[Collected data entries]
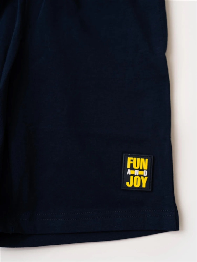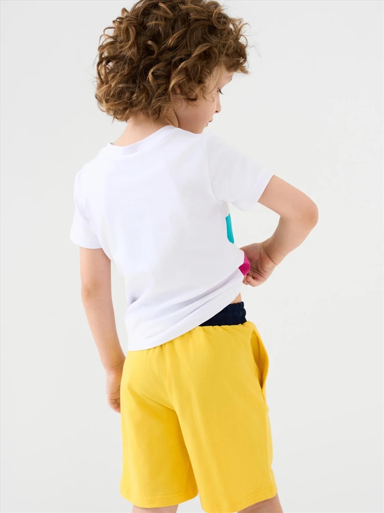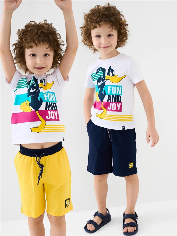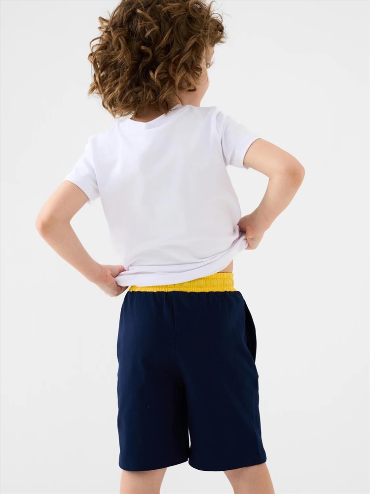 Набор детских шорт для мальчика. В комплект входят две пары шорт свободного кроя. Модели из мягкого, хлопкового трикотажа джерси. Удобная посадка обеспечивается эластичным поясом со шнуром. По бокам расположены два кармана.
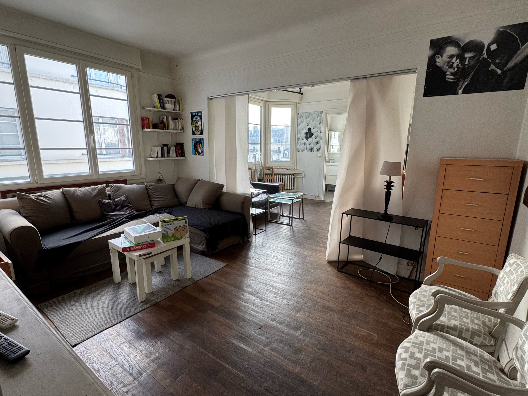 au coeur des BATIGNOLLES dans un BEL IMMEUBLE EN PIERRE DE TAILLE 1930 appartement au 6 EME ETAGE AVEC ASCENSEUR, composé d'une entre, d'un séjour, d'une chambre, d'une cuisine, d'une salle de douche avec toilette. Travaux à prévoir, une cave colmpléte ce bien.
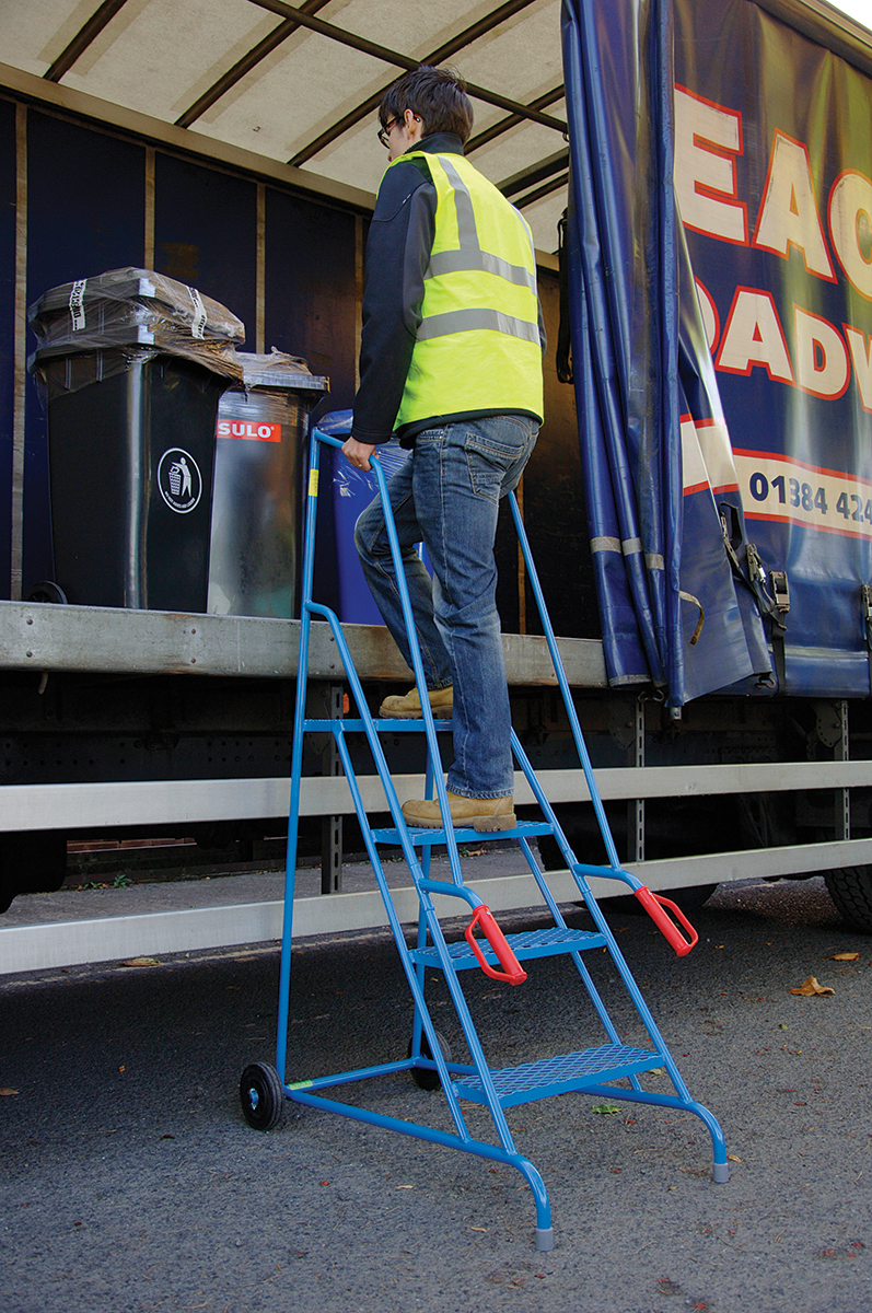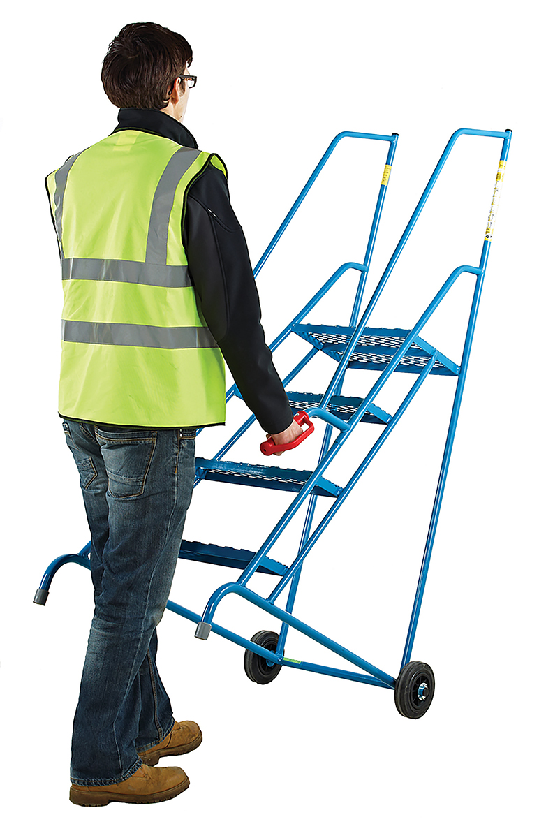 This is 1710mm 4 Rung Steel Steps manufactured by RS Pro. The manufacturer part number is 103-8704. The typical product's weight is 20kg. It has a decent blue colour. The product is made from highly stable and reliable steel. In addition, the number of steps are 4 . It has about 1m platform height . Moreover, it has 1.710m of overall height.
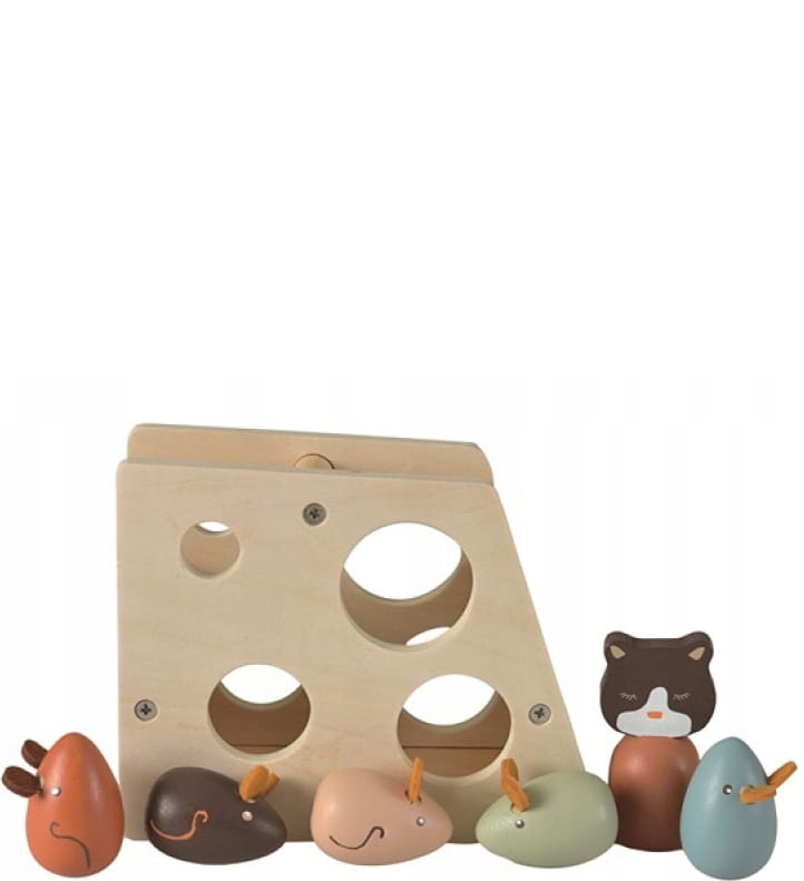 Dopasuj odpowiedni otwór dla myszek i kota. Zabawka rozwija spoztrezgawczość, logiczne myślenie i koordynacje reka- oko. Ekologiczny i bezpieczny sposób zabawy dla najmłodszych
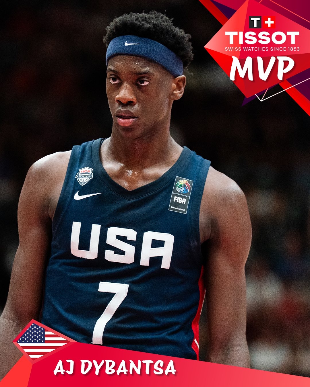 2026年状元大热门、美国队前锋AJ-迪班萨斩获赛会MVP,他本届比赛场均拿到14.3分4.1篮板2.3助攻1.1抢断,其中决赛得到11分6篮板2助攻1抢断(11中4,三分3中0,罚球4中3)。
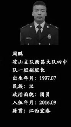 牺牲消防员周鹏,1997年7月出生,来自江西宜春,今年22周岁。
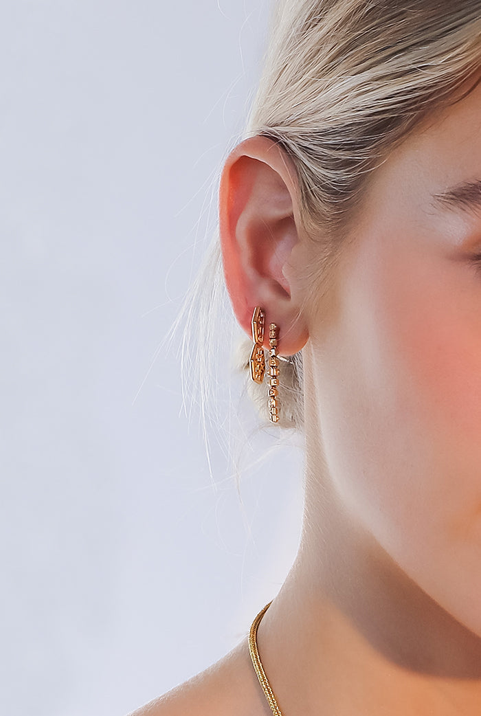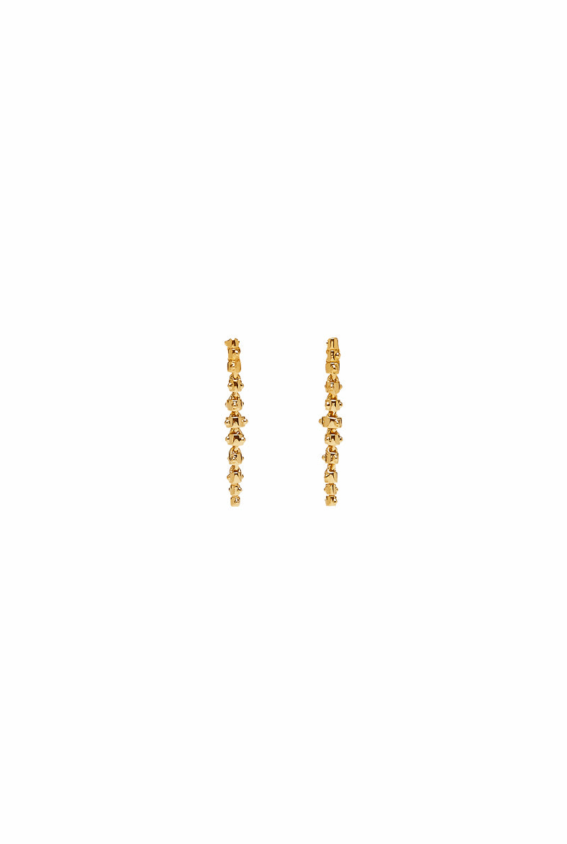 Jali Breeze Flexible Sleek Earrings of 18k Brushed Yellow Gold links, seamlessly transitioning in a gradient fashion, gradually widening and slimming down. Each link adorned with minimalist granulation, creating a sense of movement and fluidity, in a wavelike pattern twisting along the length of the earring.
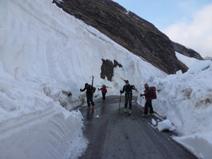 La Sella d'Asti è una piatta e poco marcata depressione di sfasciumi a Sud-Est della Cima omonima e precisamente tra il torrione Gina ed il dosso di pietrame (ometto) a 3144m oltre il quale, si apre una seconda ma più marcata depressione quasi parallela alla Sella d'Asti. Entrambe pongono in comunicazione il vallone Ruine con i valloni Giarus e Brusalana . Qui si descrive la salita dal vallone del Giarus
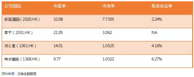 正如上文所述,361度业务增长虽然不一定能够支撑股价直接飙升50%,然而终归是一个利好的消息,10月份公布的第三季度业务表现同样维持不错的增长率。因此当8、9月份的溢价被全部吞噬后,估值再次显得便宜。对标另外几大品牌,安踏国际超过30倍市盈率、李宁接近21.14倍市盈率、361度13.82倍市盈率和4.23%股息率开始变得吸引。当然更便宜的是“四弟”特步国际只有9.66倍市盈率和6.45%股息率,考虑上特步糟糕的中期报,特步或许不能和三位业绩保持增长的“大哥”估值直接相比。
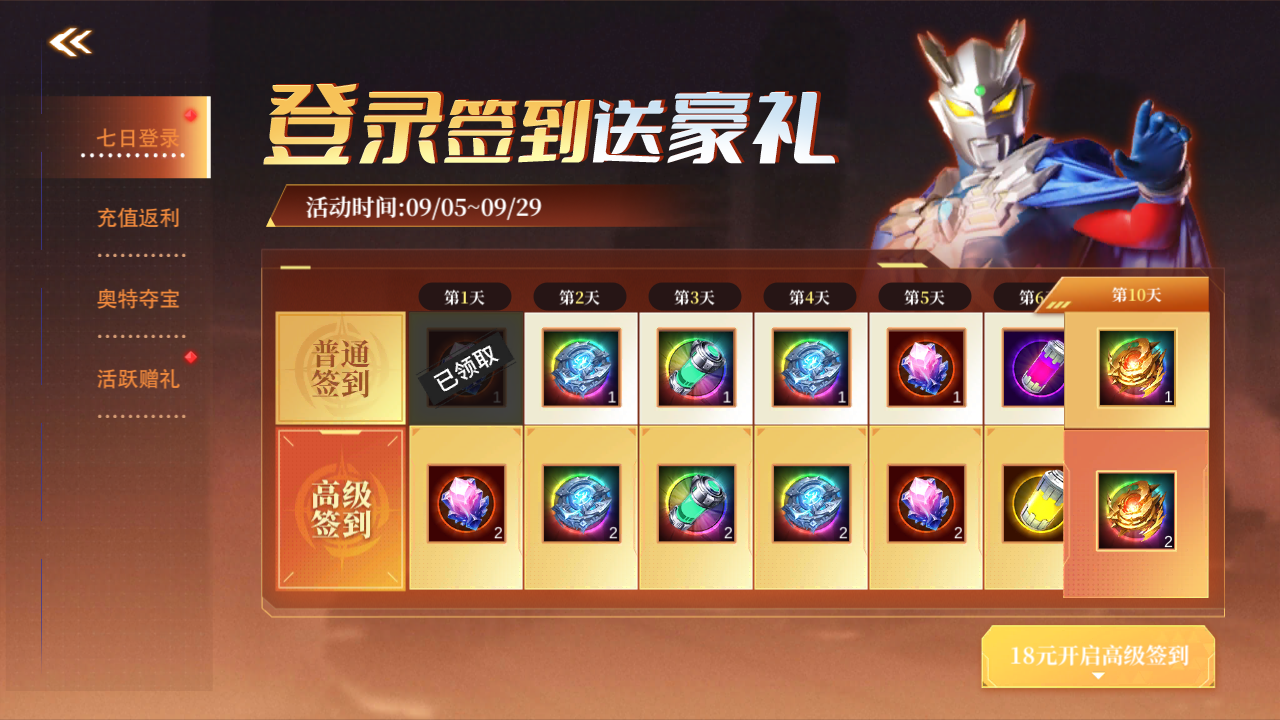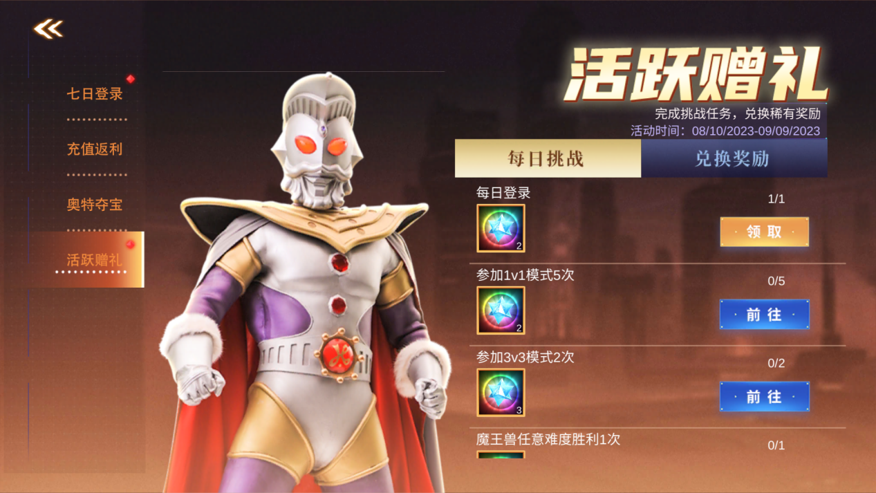连续签到、奥特夺宝、活跃赠礼,多重好礼等你来拿,黑暗特利迦免费得!

— What to produce —
How would the lines above read from the one with "This is 1710mm" to the one with "牺牲消防员周鹏,1997年7月出生,来自江西宜春,今年22周岁。", inclusive, with no pictures? Write them out exactly.

— Task response —
 This is 1710mm 4 Rung Steel Steps manufactured by RS Pro. The manufacturer part number is 103-8704. The typical product's weight is 20kg. It has a decent blue colour. The product is made from highly stable and reliable steel. In addition, the number of steps are 4 . It has about 1m platform height . Moreover, it has 1.710m of overall height.
 Dopasuj odpowiedni otwór dla myszek i kota. Zabawka rozwija spoztrezgawczość, logiczne myślenie i koordynacje reka- oko. Ekologiczny i bezpieczny sposób zabawy dla najmłodszych
 2026年状元大热门、美国队前锋AJ-迪班萨斩获赛会MVP,他本届比赛场均拿到14.3分4.1篮板2.3助攻1.1抢断,其中决赛得到11分6篮板2助攻1抢断(11中4,三分3中0,罚球4中3)。
 牺牲消防员周鹏,1997年7月出生,来自江西宜春,今年22周岁。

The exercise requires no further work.